Visualize with PyTorch’s memory visualizer:

```
python -m torch.cuda.memory._viz memory_snapshot.pickle
```

### Quick GPU Memory Check

During training, monitor GPU utilization in a separate terminal:

```
watch -n 1 nvidia-smi
```

For programmatic access within axolotl, the logged metrics `memory/max_alloc` and `memory/max_reserved` come from `torch.cuda.max_memory_allocated()` and `torch.cuda.max_memory_reserved()`. Note these report PyTorch’s view of memory, which may differ from `nvidia-smi` (see [FAQ](../docs/faq.html)).

## W&B and Logging

### Enabling Logging

```
wandb_project: my-project
wandb_entity: my-team          # optional
wandb_run_id: run-123          # optional, for resuming
wandb_name: experiment-name    # optional
logging_steps: 1               # log every step (recommended for RL)
```

### Debug Logging

For detailed axolotl-internal debug output:

```
AXOLOTL_LOG_LEVEL=DEBUG axolotl train config.yaml 2>&1 | tee /tmp/training.log
```

TipAlways Log to a File

Pipe training output to a log file so you can inspect it after the run:

```
axolotl train config.yaml 2>&1 | tee /tmp/my_run.log
```

### What Axolotl Logs

**SFT metrics** (logged every `logging_steps`):

* `train/loss`, `eval/loss` – training and validation loss
* `train/grad_norm` – gradient L2 norm (before clipping)
* `train/learning_rate` – current learning rate
* `memory/max_alloc`, `memory/max_reserved` – peak GPU memory

**GRPO/RL metrics** (logged every step):

* `rewards/<name>/mean`, `rewards/<name>/std` – per-reward-function statistics
* `reward`, `reward_std` – aggregated reward across all reward functions
* `frac_reward_zero_std` – fraction of prompt groups where all completions got the same reward
* `completions/mean_length`, `completions/min_length`, `completions/max_length` – completion token lengths
* `completions/clipped_ratio` – fraction of completions that hit the max length
* `completions/mean_terminated_length`, `completions/min_terminated_length`, `completions/max_terminated_length` – lengths of naturally terminated completions
* `kl` – KL divergence between policy and reference
* `entropy` – policy entropy (measure of output diversity)
* `clip_ratio/region_mean`, `clip_ratio/low_mean`, `clip_ratio/high_mean` – PPO clipping statistics
* `sampling/sampling_logp_difference/mean`, `sampling/sampling_logp_difference/max` – log-probability difference between policy and sampling distribution
* `sampling/importance_sampling_ratio/min`, `sampling/importance_sampling_ratio/mean`, `sampling/importance_sampling_ratio/max` – IS ratio statistics for off-policy correction
* `num_tokens` – total tokens processed

### Reading W&B Charts

For a healthy GRPO run, expect to see:

1. **`reward/mean`**: Gradual upward trend.
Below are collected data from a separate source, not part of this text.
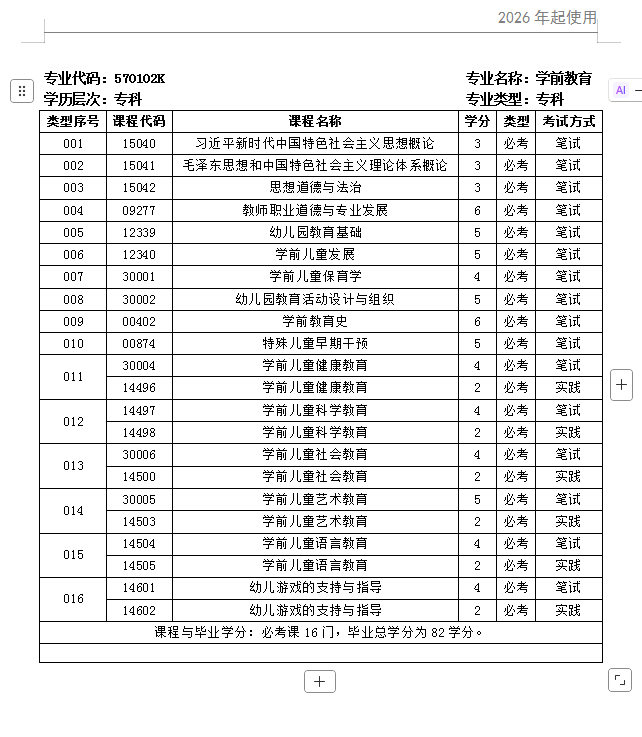 学前教育本科/专科考试计划
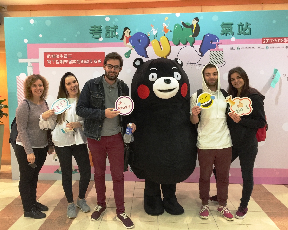 For the purpose of cheering up students for exams and motivating students to prepare for exams with a positive attitude, the Student Affairs Office and Student Union of Macao Polytechnic Institute have distributed free drinks to students, and also set up a “Message Board”, where students can leave their wishes and blessings. Moreover, the Student Affairs Office has arranged a mascot doll to interact and take instant photos with students, and distributed a special “Lucky Photo Frame” to students which is especially made for this activity, wishing students can get good marks in exams.
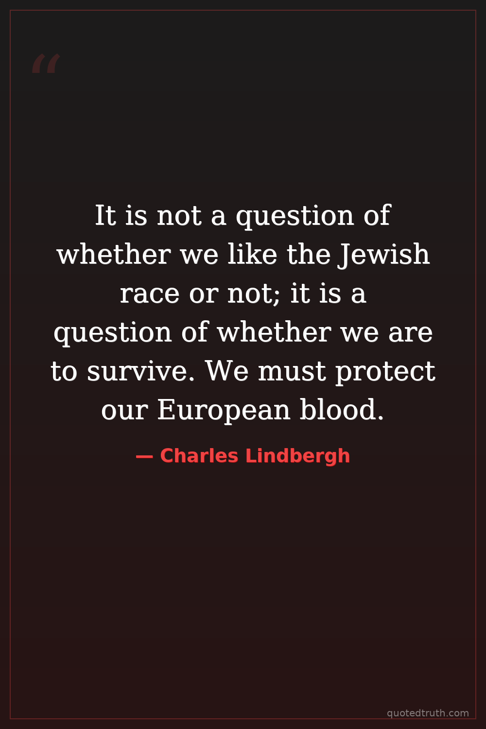 It is not a question of whether we like the Jewish race or not; it is a question of whether we are to survive. We must protect our European blood.
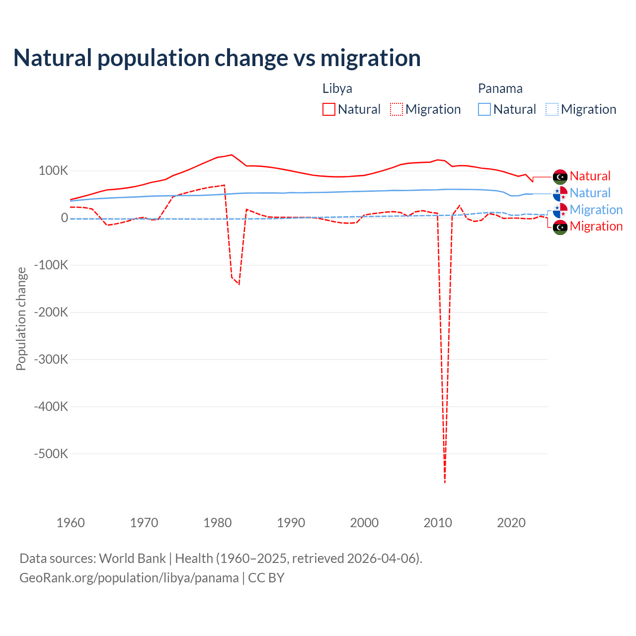 Over the last 10 years, 99.4% of the population change in Libya is from natural causes (a gain of 975,799 people) and 0.63% is from migration (a loss of 6,150 people). In Panama 86.5% is from natural causes (a gain of 544,211 people) and 13.5% is from migration (a gain of 84,849 people).
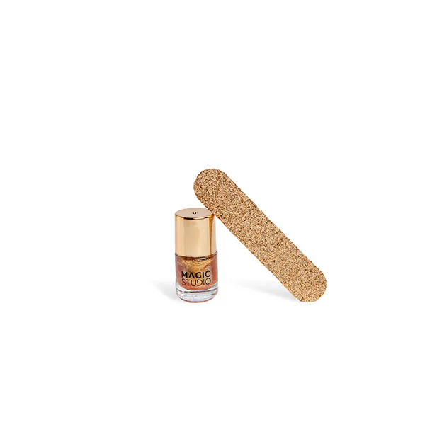 В этот прекрасный подарок входит лак для ногтей с золотыми блестками и пилочка для блестящего, блестящего и модного маникюра.
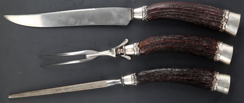 This consists of a carving knife, an accompanying meat fork and knife sharpener, fitted with grips of genuine red stag and the metal parts are in 800 fine silver. The end caps of each piece has the insignia depicting the national eagle emblem that rests upon a globe this reflected Ribbentrop’s office as Reich’s Foreign Minister. This lot has a reserve.
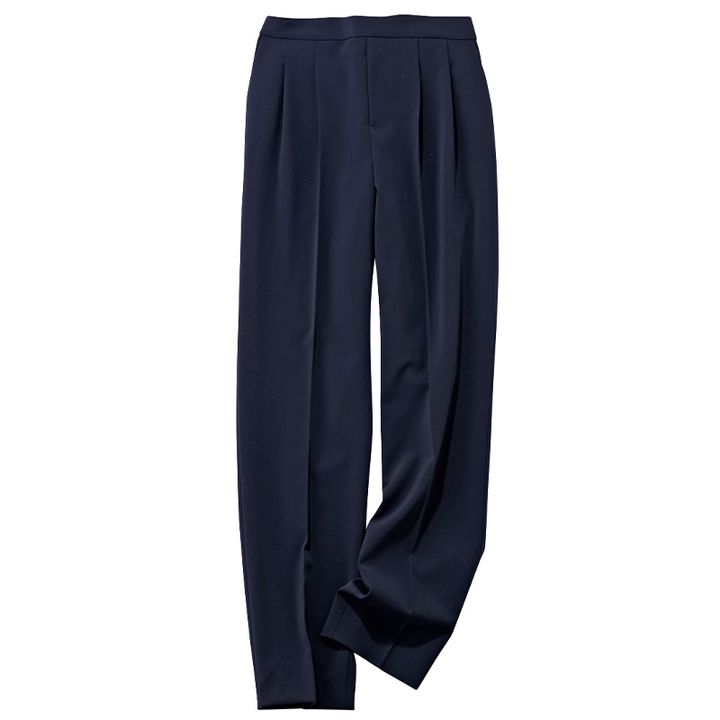 ネイビー2WAYストレッチパンツ¥22,000(ル フィル/ル フィル ニュウマン新宿店)ブラウス¥20,900(イウエン マトフ/ユナイテッドアローズ 渋谷スクランブルスクエア店)バッグ¥39,600(メアリ オル ターナ/デミルクス ビームス新宿)パンプス¥31,900(ツル バイ マリコ オイカワ)イヤリング¥5,670(アビステ)リング¥22,000(エテ)

May start near 0 and reach 0.3–0.8 depending on task difficulty. Not monotonic – fluctuations are normal.
2. **`entropy`**: Gradual decrease from initial values (often 0.3–0.6) as the model becomes more confident. Should not collapse to near-zero.
3. **`grad_norm`**: Mostly in the 0.001–1.0 range. Occasional 0.0 values are fine (zero-advantage skip). Persistent values above 10.0 need investigation.
4. **`kl`**: Starts near 0 and grows slowly. If it shoots up rapidly, the policy is diverging from the reference.
5. **`completions/mean_length`**: Should reflect the task’s natural answer length. If it steadily increases to `max_completion_length`, the model may be reward-hacking by generating longer outputs.